Task to complete:
No line before the one holding "自作の紙ひこうきをどのくらい" is to be copied; that line and all after it, through the end of the listing, are returned exactly, minus pictures.

Supplied data:
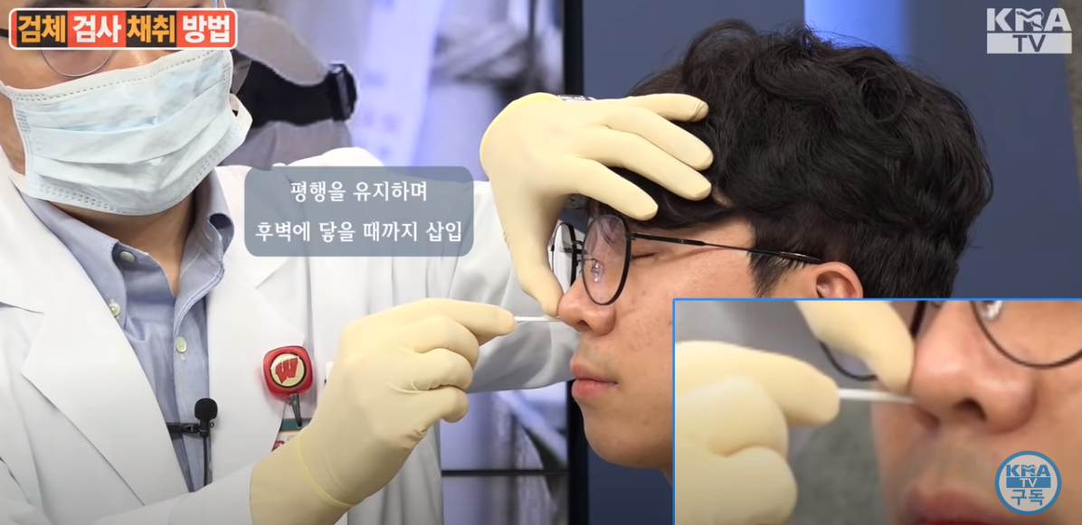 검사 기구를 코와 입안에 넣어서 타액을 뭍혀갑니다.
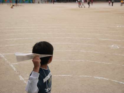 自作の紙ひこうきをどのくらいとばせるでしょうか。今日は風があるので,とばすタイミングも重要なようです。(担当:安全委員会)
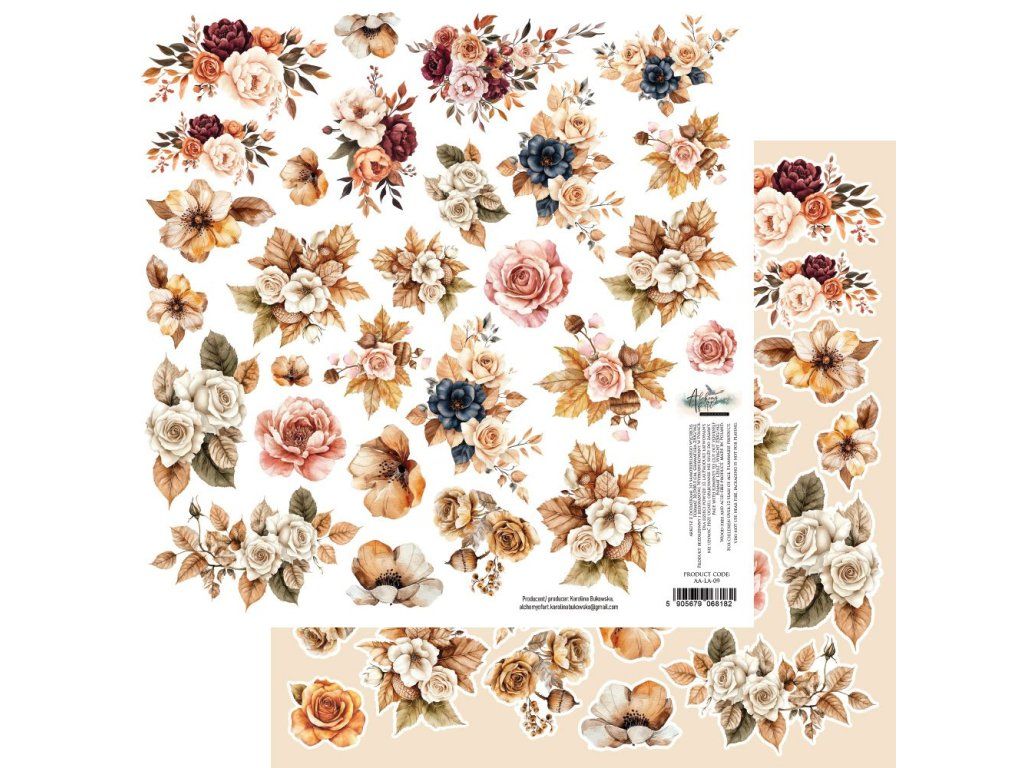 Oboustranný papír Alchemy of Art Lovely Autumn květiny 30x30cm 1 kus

Exercise response:
 自作の紙ひこうきをどのくらいとばせるでしょうか。今日は風があるので,とばすタイミングも重要なようです。(担当:安全委員会)
 Oboustranný papír Alchemy of Art Lovely Autumn květiny 30x30cm 1 kus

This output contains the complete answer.